Wertenbaker noted an audible phenomenon when two patients were examined with a stethoscope on the affected eye. He described "an irregular, rapid, machine gun sound." Others have not reported this finding, and in three patients, we could not elicit such a sound. Remissions and exacerbations of SOM can last days to weeks, months, and even years.[8]

Extraocular Movements: generally, there are no ocular movement abnormalities on examination, although, in some patients, a slight weakness of the superior oblique muscle may be detected with associated hypertropia, which changes to a hypotropia where there is an episode of spasm. Signs of superior oblique palsy should be looked for: patients will demonstrate ipsilateral hypertropia snd excyclotorsion. Patients may also demonstrate an overshoot of saccades in the downgaze in the affected eye.

Torticollis: subtle torticollis with a contralateral head tilt with a chin down position may occur as the patient tries to position the head where the oscillations are least troublesome.[9]

Evaluation

Electromyography: most patients are not subjected to electromyographic tests. However, electromyography demonstrates high-voltage discharges which are prolonged.[10][11]
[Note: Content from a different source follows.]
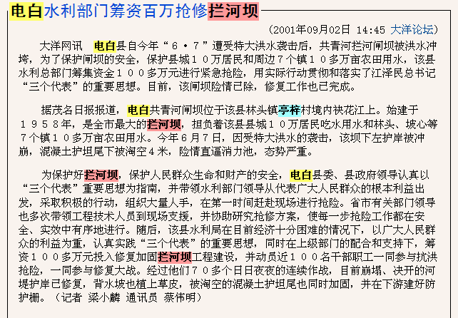 您好!首先感谢你对电白区水利工程的关注。关于你反映的问题,我局领导高度重视该网络舆情,现将调查情况答复如下:

Contrast-enhanced magnetic resonance imaging (MRI): all patients presenting with SOM are not investigated with MRI as the yield of brainstem tumors is low. However, patients who do not respond to medical treatment and present with intractable symptoms or worsening symptoms should undergo neuroimaging with specific MRI protocols (flow imaging using steady acquisition -FIESTA, or constructive interference in steady-state sequence - CISS) with imaging through the midbrain.[12]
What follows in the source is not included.